==== Exercise input

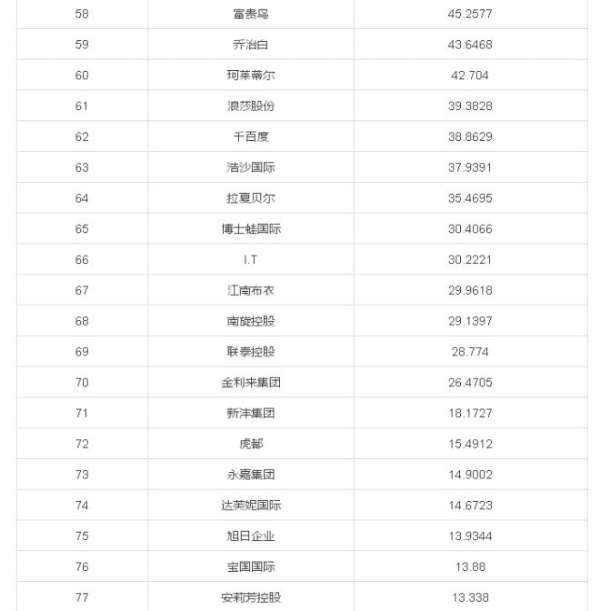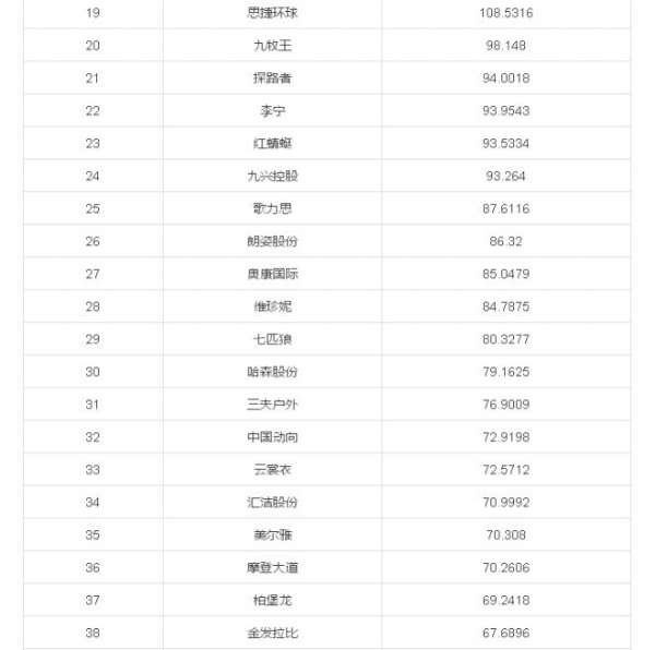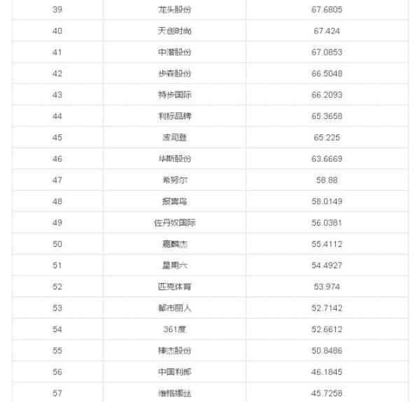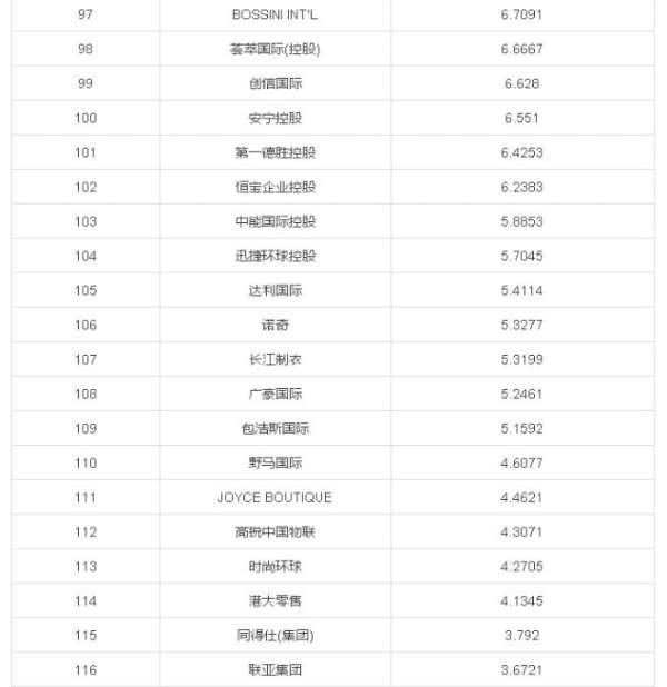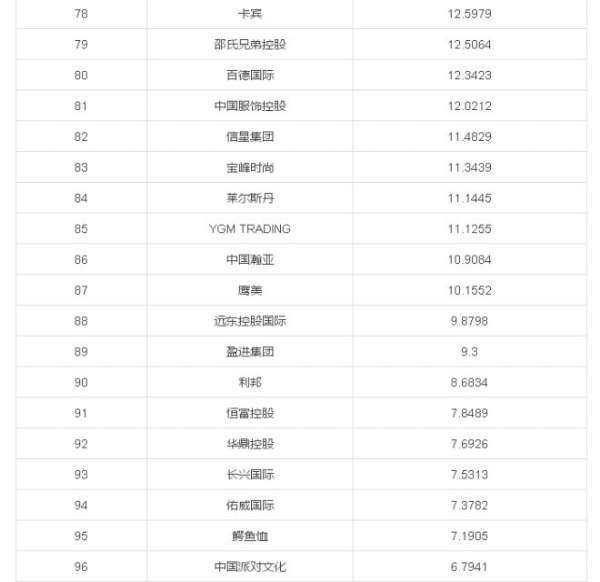 截止2016年10月31日收盤,滬深兩市及港股服裝板塊總市值達8708.69億元,市值排名第一的是申洲國際,目前總市值627.83億元,申洲國際專注于以代工方式生產針織品,其競爭優勢在于其超越對手的生產效率和研發能力,公司提供的一站式生產方案保障了品牌商的
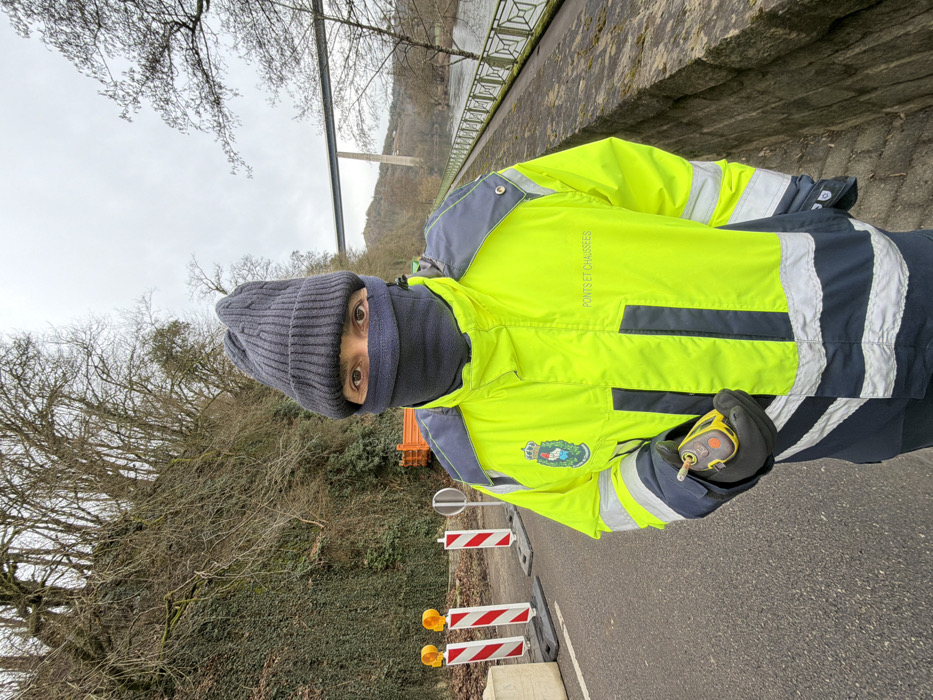 An individual stands centrally on an asphalt road in Wasserbillig, Luxembourg, under an overcast sky. The person, appearing male, wears a dark grey knitted beanie and a dark grey neck warmer covering the lower face, exposing only the eyes which look directly at the viewer. A high-visibility lime green and dark blue jacket with reflective stripes is worn, displaying a multi-colored crest on the left chest and the text "PONTS ET CHAUSSÉES" on the right chest. Dark gloves cover both hands; the right hand holds a yellow and grey electronic device with a black button and a small antenna. To the left of the individual, a light-colored concrete barrier precedes three red and white striped traffic bollards, each topped with an amber flashing light. A circular traffic sign is positioned among the bollards. Further left, the rear section of an orange-colored vehicle is partially visible on the roadside. A steep hillside, densely covered with green ivy and bare deciduous trees, rises behind these objects. To the individual's right, a low, moss-covered stone wall parallels the road. Beyond this wall, a dark green metal railing runs along the edge of a river, likely the Sauer. In the distant background, a large concrete viaduct with a prominent concrete pier spans the river and valley, consistent with the A1 motorway bridge. Bare trees and distant hills complete the background vista.
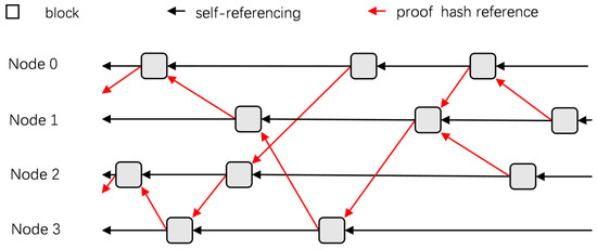 This paper proposes a novel DAG structure built upon self-referencing parallel chains. In this structure, each node maintains an independent parallel chain. When nodes publish blocks, a specific parent hash pointer is required to connect to the node’s parallel chain, thereby establishing the desired self-referencing parallel chain structure. Furthermore, to facilitate inter-chain referencing, an additional pointer called the proof hash reference is computed and employed. The structure based on self-referencing parallel chains is shown in Figure 3.
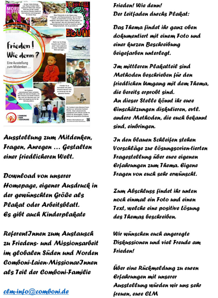 Am 29. Dezember haben wir in unserem Blog ein von den CLM Deutschland erstelltes Material zum Thema Frieden veröffentlicht.
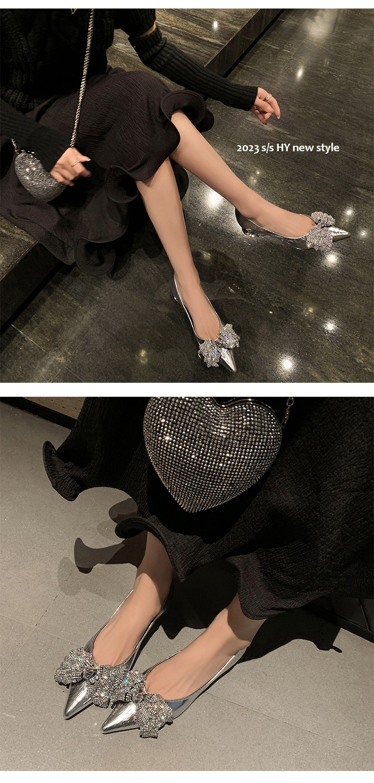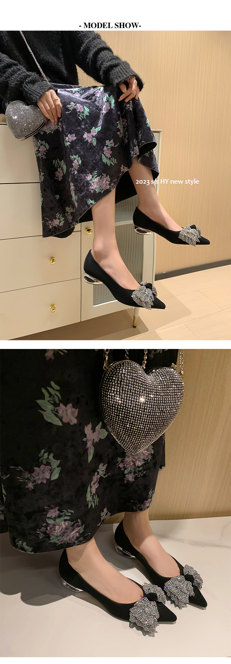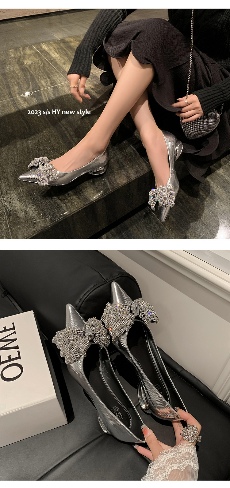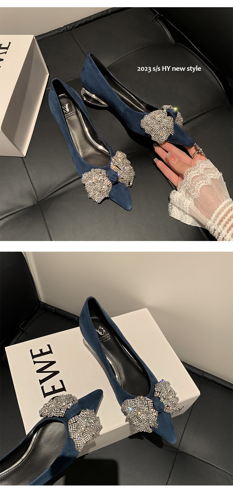 프랑스 스타일 Cowhide Rhinestone 활 낮은 발 뒤꿈치 신발 2024 봄과 여름 유럽 뾰족한 완두콩 신발 여성의 두꺼운 발 뒤꿈치 신발스토어 가기
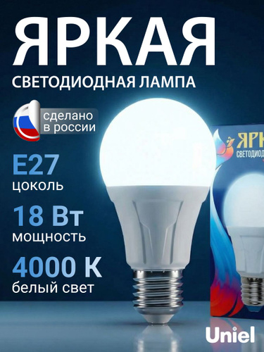 Лампочка светодиодная Е27, 18Вт, 4000К, A60, Uniel

========

=== Problem details ===
Copy the final stretch of the entries exactly: the line containing "프랑스 스타일 Cowhide" and every line after it through the last. Include no pictures and nothing more.

=== Result of the exercise ===
 프랑스 스타일 Cowhide Rhinestone 활 낮은 발 뒤꿈치 신발 2024 봄과 여름 유럽 뾰족한 완두콩 신발 여성의 두꺼운 발 뒤꿈치 신발스토어 가기
 Лампочка светодиодная Е27, 18Вт, 4000К, A60, Uniel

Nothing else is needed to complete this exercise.